Task objective — Pictures do not belong in your copy. Repeat all the other data exactly.
BEGIN Dataset content
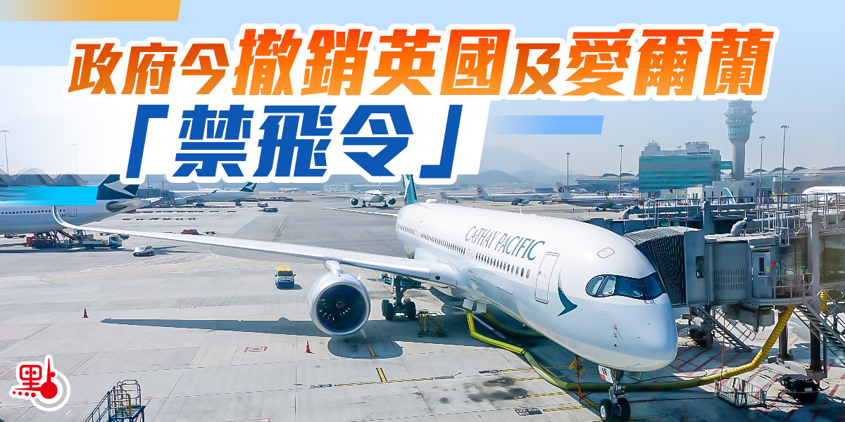 港府今日(7日)起撤銷對英國及愛爾蘭的「禁飛令」,回港人士持72小時無染疫陰性證明,及21晚指定檢疫酒店房間的確認書,便可以登機來港。
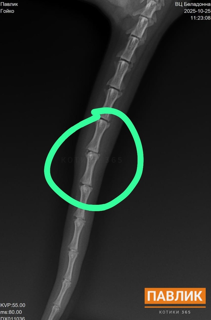 На коже есть ссадина. Есть небольшое смещение позвонков. Не перелом. Не укус. Похоже Павлик где-то прищемил хвост. Не опасно.
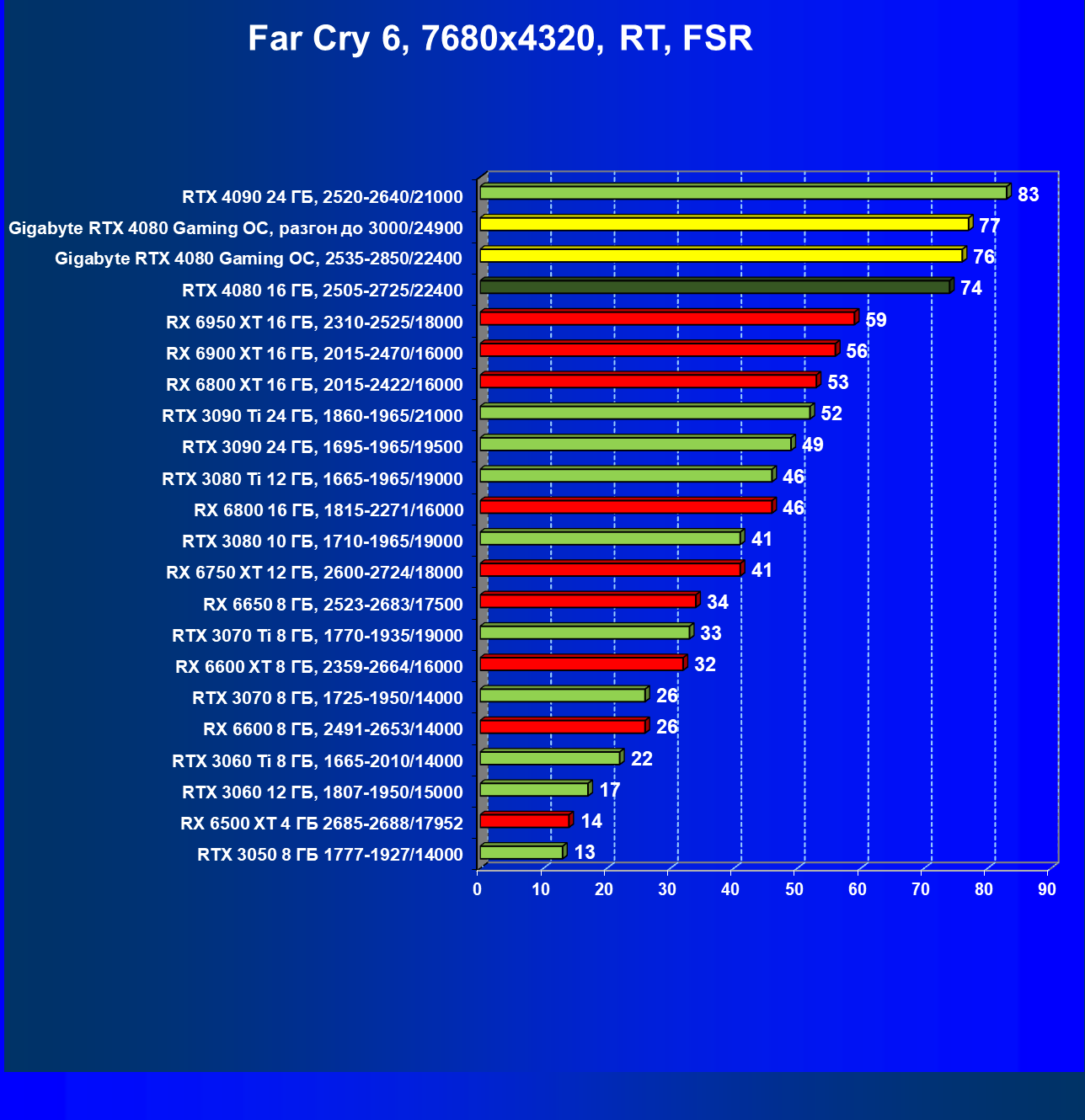 | 16 | RX 6950 XT 16 ГБ, 2310—2525/18000 | 81 | 675 | 83 600 |
END Dataset content
Task response —
 港府今日(7日)起撤銷對英國及愛爾蘭的「禁飛令」,回港人士持72小時無染疫陰性證明,及21晚指定檢疫酒店房間的確認書,便可以登機來港。
 На коже есть ссадина. Есть небольшое смещение позвонков. Не перелом. Не укус. Похоже Павлик где-то прищемил хвост. Не опасно.
 | 16 | RX 6950 XT 16 ГБ, 2310—2525/18000 | 81 | 675 | 83 600 |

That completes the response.